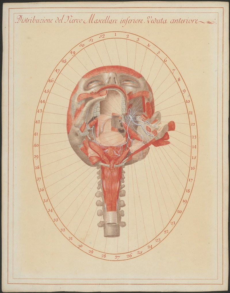 Kopf-Halsbereich, der Unterkiefer ist entfernt. Dargestellt ist der Nervus mandibularis, der dritte Ast des 5. Hirnnerven (Nervus trigeminus) mit zwei seiner sensiblen Ästen, dem Nervus buccalis dem Nervus lingualis.
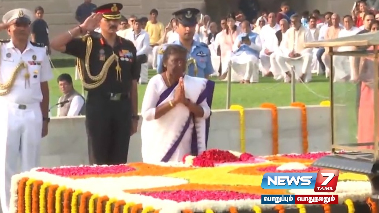 காந்தி ஜெயந்தியை முன்னிட்டு டெல்லி ராஜ்காட்டிலுள்ள அவரது நினைவிடத்தில் குடியரசு தலைவர் திரௌபதி முர்மு, பிரதமர் மோடி உள்ளிட்டோர் மலர்தூவி மரியாதை செலுத்தினர்.
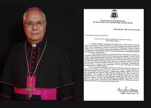“Como bispo da Diocese de Campo Mourão, falando, portanto, em nome do povo católico radicado nesta terra abençoada da Comcam, expresso minha preocupação para com os rumos que a política de governo quer dar ao futuro do Brasil”.
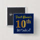 Ce simple design de bouton carré comporte un message comme "10e anniversaire de prénom!", avec le "10e" avec un faux/imitation de couleur dorée, sur un arrière - plan de couleur bleue. Le nom peut être personnalisé. Des boutons comme ceux-ci pourraient être portés par les invités à une fête d'anniversaire pour quelqu'un qui célèbre son dixième anniversaire, où la fête se déroule dans un grand quartier avec beaucoup d'autres personnes présentes (comme un parc municipal ou un parc à thème). [~Z0000164]
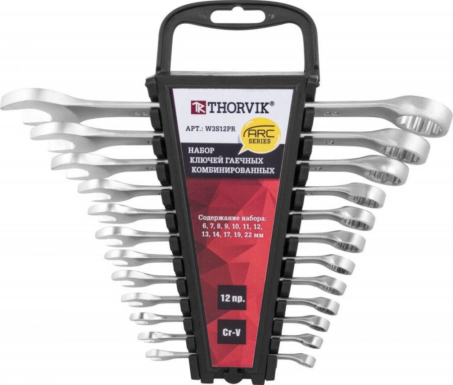 набор ключей THORVIK комбинированных 12 предм. (6,7,8,9,10,11,12,13,14,17,19,22мм) серии ARC на держателе арт.W3S12PR
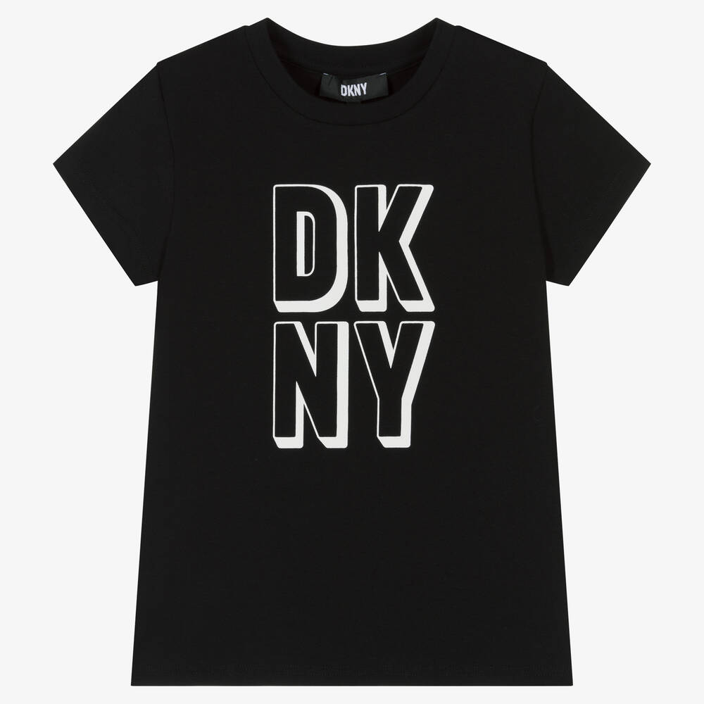 Logo-inspired black T-shirt for teen girls by DKNY, in a slim fit. A graphic twist on a wardrobe essential, it has a bold white logo print on the front and capped sleeves.
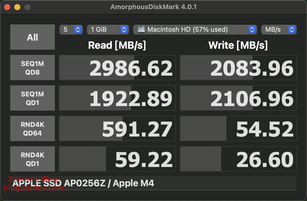 使用 AmorphousDiskMark 软件测试MacMini内置硬盘的读写速度,顺序写入速度2083.96MB/s,顺序读取2986.62MB/s,单线程4K随机读速度59.22MB/s,单线程4K随机写速度26.6MB/s
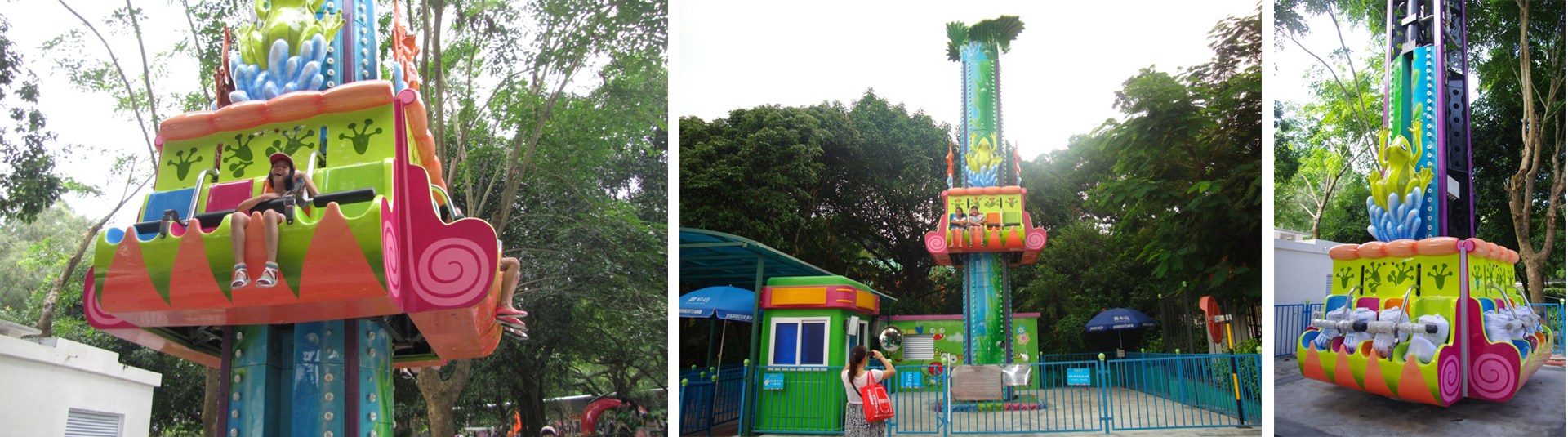 座艙沿著豎直的立柱軌道上升下降,連貫的跳躍運(yùn)動(dòng),使乘客在超重與失重的過(guò)程中體驗(yàn)到驚險(xiǎn)與刺激;
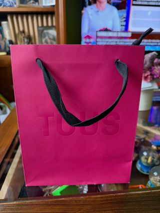Bolsa de la marca Tous en color rosa. - Asa de cinta negra. - Logo de la marca en relieve. 21x26x12
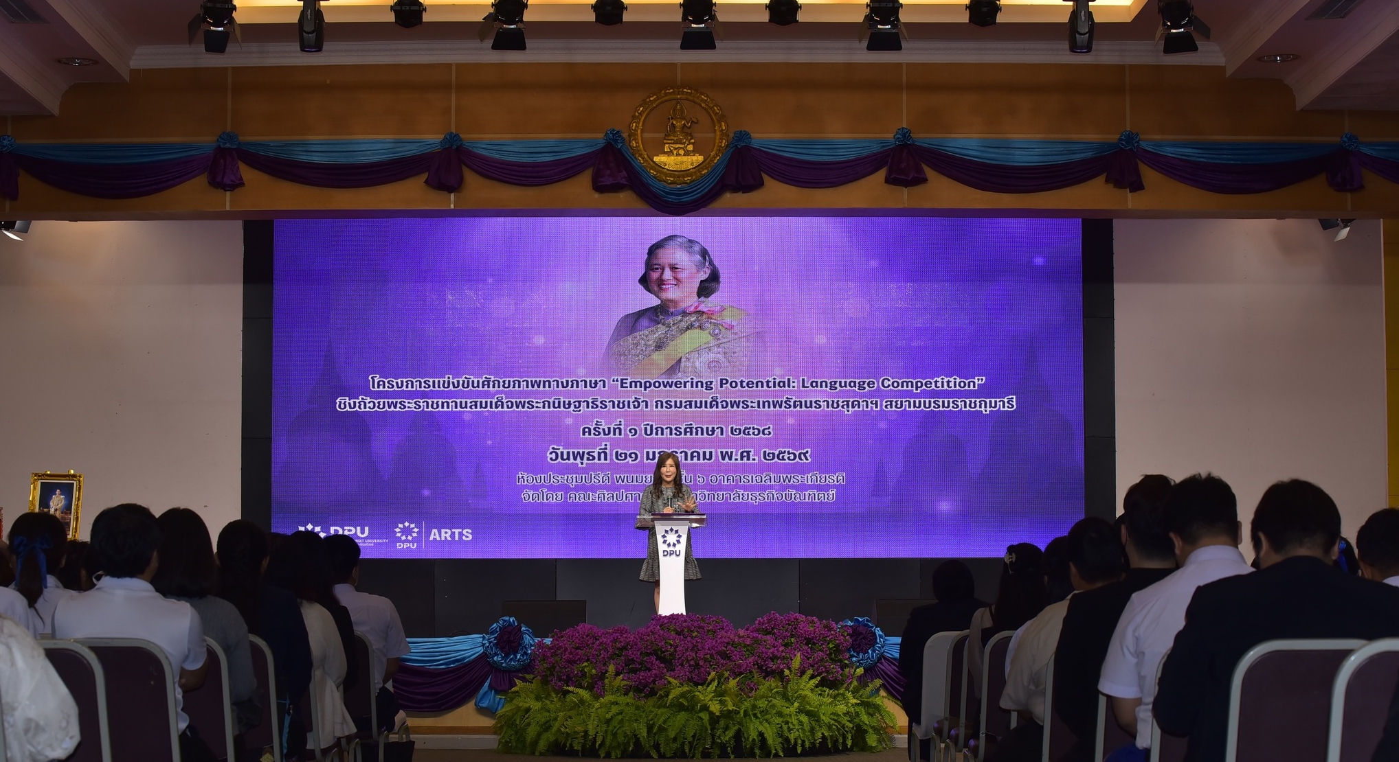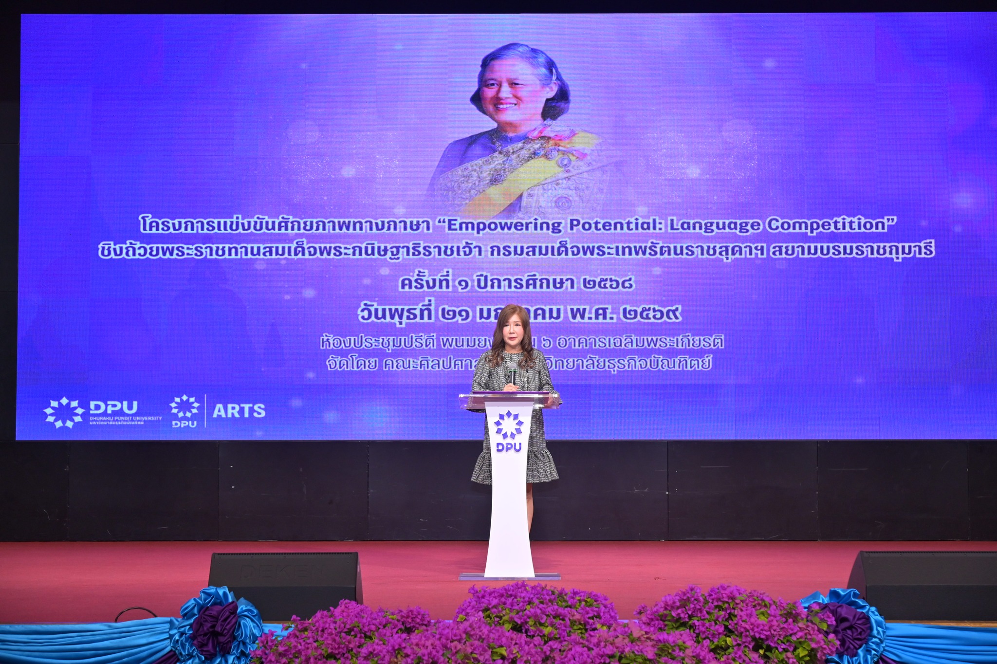 คณะศิลปศาสตร์ DPU เปิดเวทีประกวด “Empowering Potential Language Competition” ครั้งที่ 1 ดึงศักยภาพนักเรียน ม.ปลาย จากทั่วประเทศ โชว์ทักษะ 4 ภาษา “อังกฤษ-จีน-ญี่ปุ่น-เกาหลี” เชื่อมโลกธุรกิจและวัฒนธรรม ชิงถ้วยพระราชทานสมเด็จพระกนิษฐาธิราชเจ้า กรมสมเด็จพระเทพรัตนราชสุดาฯ พร้อมมอบทุนการศึกษาเต็มจำนวนให้ผู้ชนะเลิศ ผลักดันเป็นเวทีแสดงศักยภาพด้านภาษาระดับประเทศ เล็งจับมือพันธมิตรภายนอกร่วมจัดแข่งขันต่อเนื่องทุกปี
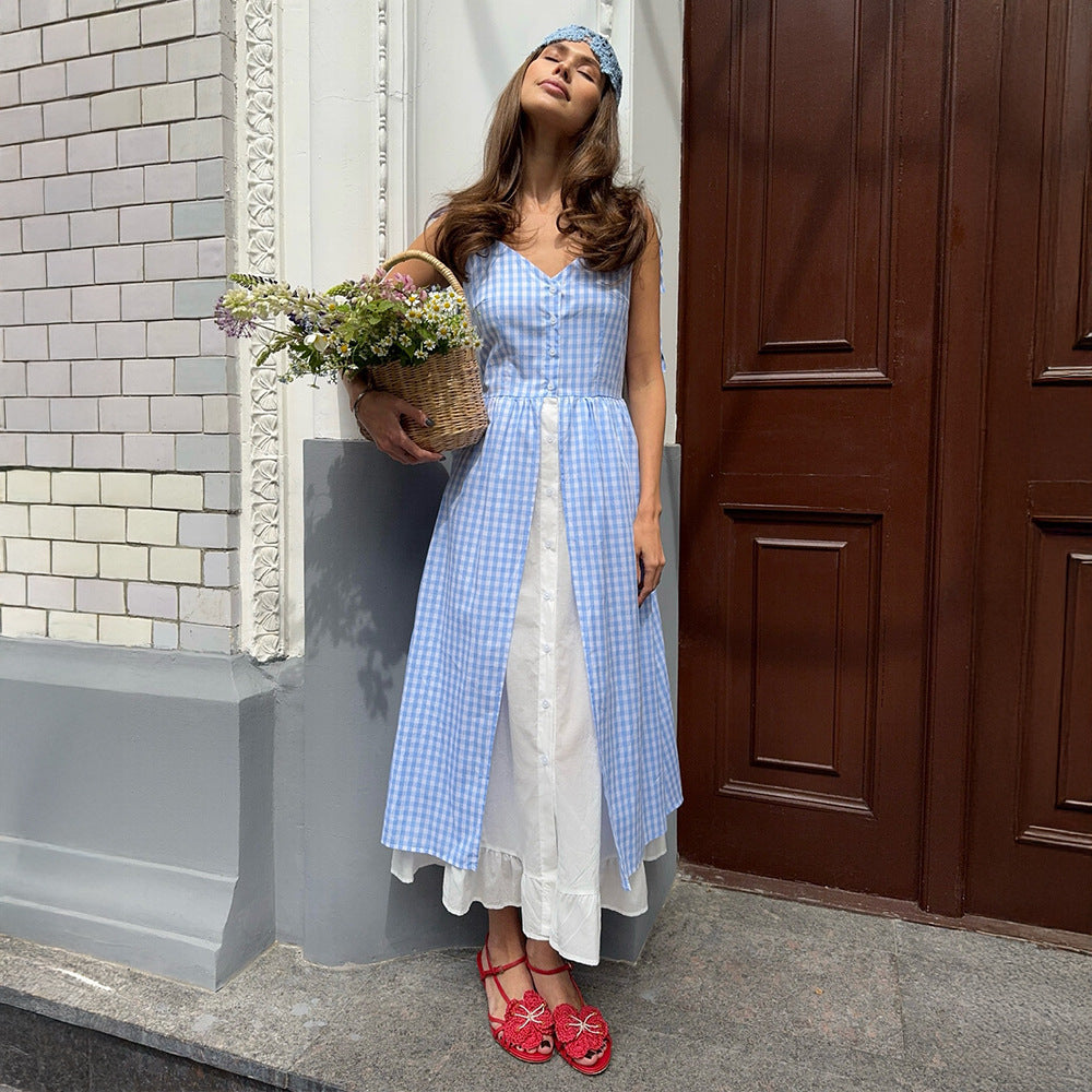 Plaid Side Slit Dress

● Problem to solve
Without including any pictures, print all of the material exactly as given.

● Exercise output
 Kopf-Halsbereich, der Unterkiefer ist entfernt. Dargestellt ist der Nervus mandibularis, der dritte Ast des 5. Hirnnerven (Nervus trigeminus) mit zwei seiner sensiblen Ästen, dem Nervus buccalis dem Nervus lingualis.
 காந்தி ஜெயந்தியை முன்னிட்டு டெல்லி ராஜ்காட்டிலுள்ள அவரது நினைவிடத்தில் குடியரசு தலைவர் திரௌபதி முர்மு, பிரதமர் மோடி உள்ளிட்டோர் மலர்தூவி மரியாதை செலுத்தினர்.
“Como bispo da Diocese de Campo Mourão, falando, portanto, em nome do povo católico radicado nesta terra abençoada da Comcam, expresso minha preocupação para com os rumos que a política de governo quer dar ao futuro do Brasil”.
 Ce simple design de bouton carré comporte un message comme "10e anniversaire de prénom!", avec le "10e" avec un faux/imitation de couleur dorée, sur un arrière - plan de couleur bleue. Le nom peut être personnalisé. Des boutons comme ceux-ci pourraient être portés par les invités à une fête d'anniversaire pour quelqu'un qui célèbre son dixième anniversaire, où la fête se déroule dans un grand quartier avec beaucoup d'autres personnes présentes (comme un parc municipal ou un parc à thème). [~Z0000164]
 набор ключей THORVIK комбинированных 12 предм. (6,7,8,9,10,11,12,13,14,17,19,22мм) серии ARC на держателе арт.W3S12PR
 Logo-inspired black T-shirt for teen girls by DKNY, in a slim fit. A graphic twist on a wardrobe essential, it has a bold white logo print on the front and capped sleeves.
 使用 AmorphousDiskMark 软件测试MacMini内置硬盘的读写速度,顺序写入速度2083.96MB/s,顺序读取2986.62MB/s,单线程4K随机读速度59.22MB/s,单线程4K随机写速度26.6MB/s
 座艙沿著豎直的立柱軌道上升下降,連貫的跳躍運(yùn)動(dòng),使乘客在超重與失重的過(guò)程中體驗(yàn)到驚險(xiǎn)與刺激;
Bolsa de la marca Tous en color rosa. - Asa de cinta negra. - Logo de la marca en relieve. 21x26x12
 คณะศิลปศาสตร์ DPU เปิดเวทีประกวด “Empowering Potential Language Competition” ครั้งที่ 1 ดึงศักยภาพนักเรียน ม.ปลาย จากทั่วประเทศ โชว์ทักษะ 4 ภาษา “อังกฤษ-จีน-ญี่ปุ่น-เกาหลี” เชื่อมโลกธุรกิจและวัฒนธรรม ชิงถ้วยพระราชทานสมเด็จพระกนิษฐาธิราชเจ้า กรมสมเด็จพระเทพรัตนราชสุดาฯ พร้อมมอบทุนการศึกษาเต็มจำนวนให้ผู้ชนะเลิศ ผลักดันเป็นเวทีแสดงศักยภาพด้านภาษาระดับประเทศ เล็งจับมือพันธมิตรภายนอกร่วมจัดแข่งขันต่อเนื่องทุกปี
 Plaid Side Slit Dress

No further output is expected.